Transgender Youth and Suicidal Behavior:  How Can We Mitigate Risk?

Ana Rabasco, B.A., and Peggy Andover, Ph.D., Fordham University

(originally published 7/16/2019)

In 2015, major news outlets were awash with the story of Leelah Alcorn, a transgender teenager who died by suicide at age 17. Before killing herself, Leelah wrote a compelling and public note, noting the pain caused by her parents’ and society’s rejection, and prompting national discussion on the specific risk factors for suicidal behaviors that transgender people face.  

Leelah’s story is not unique. Transgender adolescents are at very high risk for suicidal ideation and behavior. Research has shown that approximately 65-75% of transgender adolescents think about suicide, and 15-30% make a suicide attempt. One large-scale survey of transgender adults from the United States found that, among those who had attempted suicide, 34% had done so by the time they were 13 years old. In contrast, the rate of suicidal ideation and behavior in the general population is far lower, with 17.2% of adolescents reporting thinking about suicide and 7.4% reporting a suicide attempt in the last year.

Transgender youth experience high rates of victimization, verbal harassment, and cyberbullying. For example, one study found that 58% of a sample of transgender adolescents reported experiencing victimization in school. We know that victimization and lack of acceptance are associated with suicidal behavior among both transgender adolescents and adults, and with suicidal ideation and suicide attempts among transgender youth. However, research has shown that even minor acts of acceptance, such as using a transgender adolescent’s chosen name and pronouns, are linked to positive outcomes, including reduced depressive symptoms, suicidal thoughts, and suicidal behavior.  

Other important aspects of transgender people’s mental health, such as depression, can be improved by access to gender affirmative psychotherapy or medical interventions, although research in this area is limited. One study found that when transgender adolescents were given hormone blocker medications to suppress puberty and then provided with gender confirming medical interventions in later adolescence, their body satisfaction increased and their rates of depression decreased. Future research should explore whether hormone blocker medications that suppress puberty specifically reduce risk for suicidal ideation and behavior among transgender youth, including the effects of the intervention on gender identity and adolescent development, weighing the ethical considerations inherent in providing treatment. The Endocrine Society and the World Professional Association for Transgender Health support puberty suppression, in conjunction with comprehensive mental health care, as a safe and effective treatment for transgender adolescents. 

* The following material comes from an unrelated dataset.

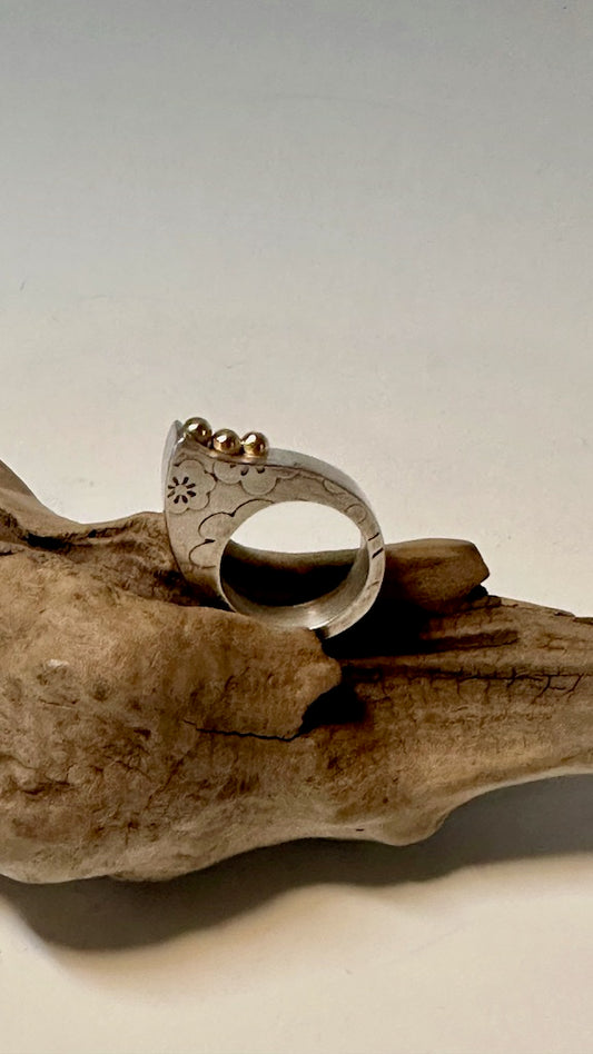 HOLLOW FORM STERLING SILVER RING WITH 14K BALLS MS229

Consensus among professional organizations, such as the American Psychological Association (APA), the Substance Abuse and Mental Health Services Administration (SAMHSA), and the National Association of Social Workers (NASW), has been reached that therapies aimed at changing gender identity or sexual orientation are inappropriate and, given the risk of harm, must not be used.  In fact, conversion therapy has been banned in 18 US states.  Although the link between conversion therapy and suicide in children has not been reported, gender identity conversion therapy has been associated with increased risk for suicidal ideation and behaviors among transgender adults.

Transgender adolescents’ mental health is damaged by victimization and non-affirmation. Conversely, when transgender adolescents are treated with respect and provided with gender-affirming interventions, their mental health improves. While the link between certain medical interventions, such as puberty suppression, and reduction of suicidal behavior requires further investigation, victimization has clearly been identified as a risk factor for suicidal thoughts and behaviors among transgender youth. Transgender and cisgender adolescents share some of the same risk factors for suicidal thoughts and behaviors, including depression and hopelessness. However, gender-based discrimination and victimization and gender dysphoria further add to transgender adolescents’ risk for suicidal thoughts and behaviors. 

Reducing suicide risk among transgender youth should be a priority. This can take the form of supporting evidence-based treatment for transgender adolescents, endorsing policies that protect transgender people, and practicing transgender affirming clinical care. As research in this area grows, these are the first steps in helping to reduce the high rate of suicidal thoughts and behaviors among transgender adolescents.